While the global Internet have been extensively studied, the behavior of enterprise networks at the Internet's edge remains under-studied. One of the crucial reasons for this is a lack of apt tools that focus on protocols and technologies used within an enterprise, but not used across the global Internet (e.g., protocols that drive distributed file systems). As part of this project, researchers are developing tools to better analyze the traffic specific to these enterprise networks.

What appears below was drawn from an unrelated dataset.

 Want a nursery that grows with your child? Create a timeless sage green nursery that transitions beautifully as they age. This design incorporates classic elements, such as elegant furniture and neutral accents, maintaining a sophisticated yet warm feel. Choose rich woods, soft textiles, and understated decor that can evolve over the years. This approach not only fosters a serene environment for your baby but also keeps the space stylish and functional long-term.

Previous Work: Evaluating Price Mechanisms for Clouds

Researchers are studying the problems that arise in cloud computing centers that use economic models to allocate resources. In these clouds, resources, such as storage, processing, and data transfer, must be allocated to different users. In economics-based clouds, artificial economies are set up; each resource is assigned a "price" and each user is given a "budget," which they spend on the resources they need.

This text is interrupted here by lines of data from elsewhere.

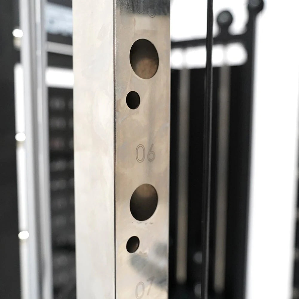 Angled for natural body movement, the Smith Machine is incredibly smooth, strong (350kg/770lbs weight rating) and perfect for compound movements so you can push yourself to the limit on Shoulder Presses, Calf Raises and Glute Building movements.
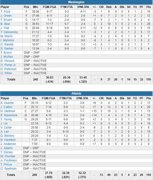 Atlanta accueillait des Wizards qui venaient de battre les Lakers la nuit dernière et contre toute attente, ce sont bien les Hawks qui se sont imposés, 118-110 ! Jeremy Lin a marqué 12 de ses 16 points dans le dernier quart et l’équipe a résisté aux 29 points (11/17, 10 rebonds) de Bradley Beal en remportant largement deux quarts-temps : le 1er (35-24) et le 4ème (36-28).
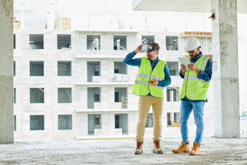 Два работника, использующих VR на месте

Researchers are exposing the ways in which it is possible to aggregate public and seemingly innocuous information from different media and Web sites to attack the privacy of users. The project seeks to help users, particularly younger ones, understand the privacy implications of the information they share publicly on the Internet and to help them understand what control they can exercise over it.

User-Centric Networking

In collaboration with Case Western Reserve University, we are investigating foundation architectural constructs that bring users into networked systems in a way that has to this point not been possible. Rather than relegating users to an artifact of the application layer, we seek to accommodate users and their relationships at all layers of the system and to give users new controls over how their traffic is handled by the system.

Funding provided by NSF grant 1213157, NeTS: Large: Collaborative Research: User-Centric Network Measurement.

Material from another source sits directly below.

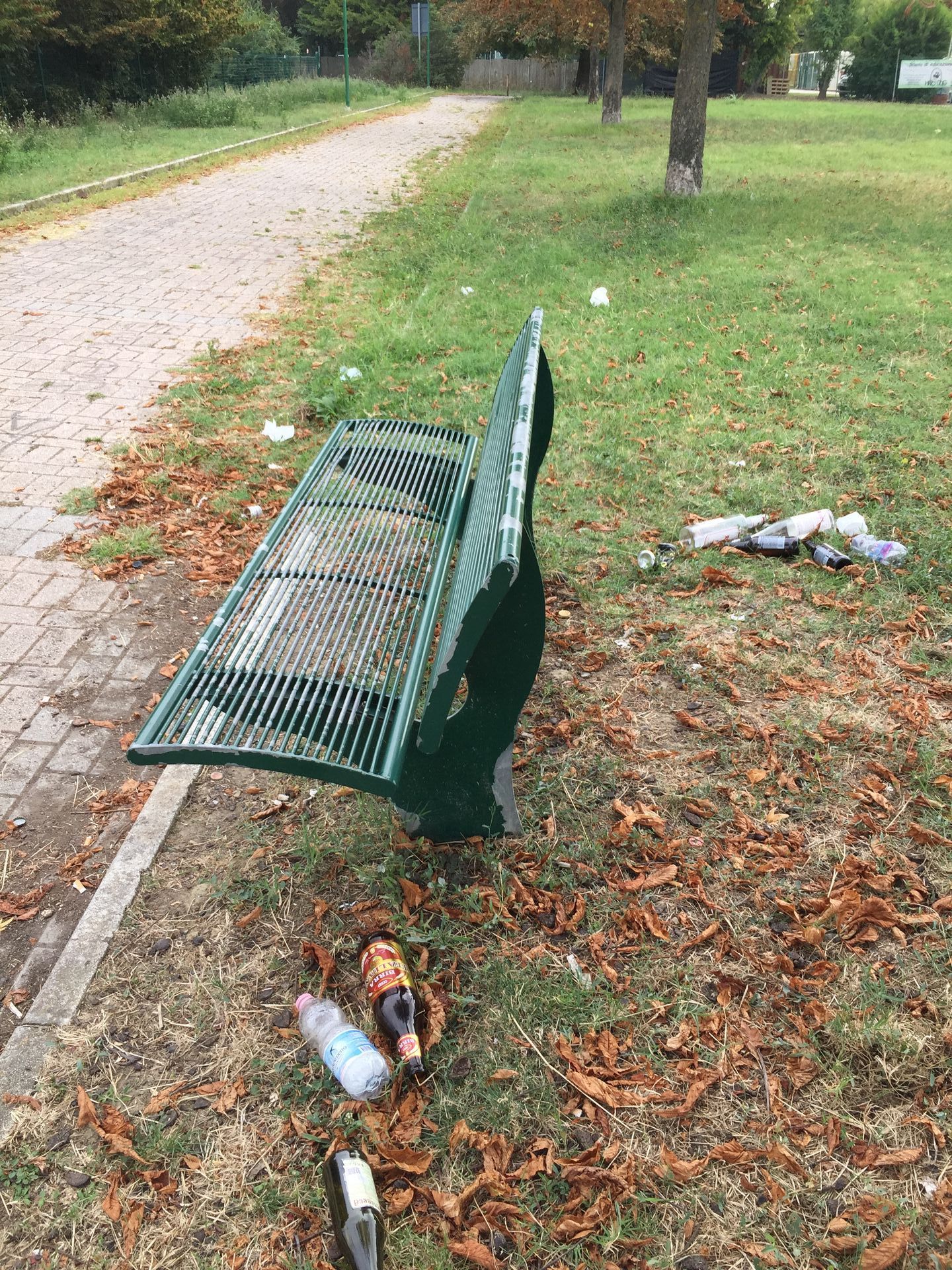 Degrado al Parco Ippodromo: bidoni pieni, bottiglie e immondizia abbandonata. Non è un bel vedere quello che accade nel polmone verde più grande di Cesena.

Open Software-Defined Networks

Today's routers and switches are both complicated and closed. The forwarding path on these boxes involve sophisticated ASICs, and the large base of installed software is typically closed and proprietary. Thus, functionality can only evolve on hardware design timescales, and only through the actions of the vendors. At ICSI, in collaboration with our colleagues at Stanford University, we are pursuing a radically different approach which we call Open Software-Defined Networks.

Future Internet Architecture

Along with research groups around the world, we are exploring fundamental questions about Internet architecture. In particular, we are, "If we were to redesign the Internet, what would it look like?" This effort involves looking at all aspects of the Internet architecture, including addressing, intradomain routing, interdomain routing, naming, name resolution, network API, monitoring, and troubleshooting. Moreover, the effort involves both in-depth investigations of these isolated topics, and a synthesis of these aspects into a coherent and comprehensive future Internet architecture.

Detecting and Preventing Network Attacks

We conduct extensive research on technology for analyzing network traffic streams to detect attacks, either in "real time" as they occur, or in support of post facto forensic exploration. The particular context for much of this research is the open-source "Bro" network intrusion detection system authored by ICSI staff. Bro runs 24x7 operationally at a number of institutes, and we have particularly close ties with the Lawrence Berkeley National Laboratory, where Bro deployments have formed an integral part of the Institute's cybersecurity operations for more than a decade.

Investigating the Underground Economy

One of the most disturbing recent shifts in Internet attacks has been the change from attackers motivated by glory or vanity to attackers motivated by commercial (criminal) gain. This shift threatens to greatly accelerate the "arms race" between defenders developing effective counters to attacks and highly motivated, well funded attackers finding new ways to circumvent these innovations.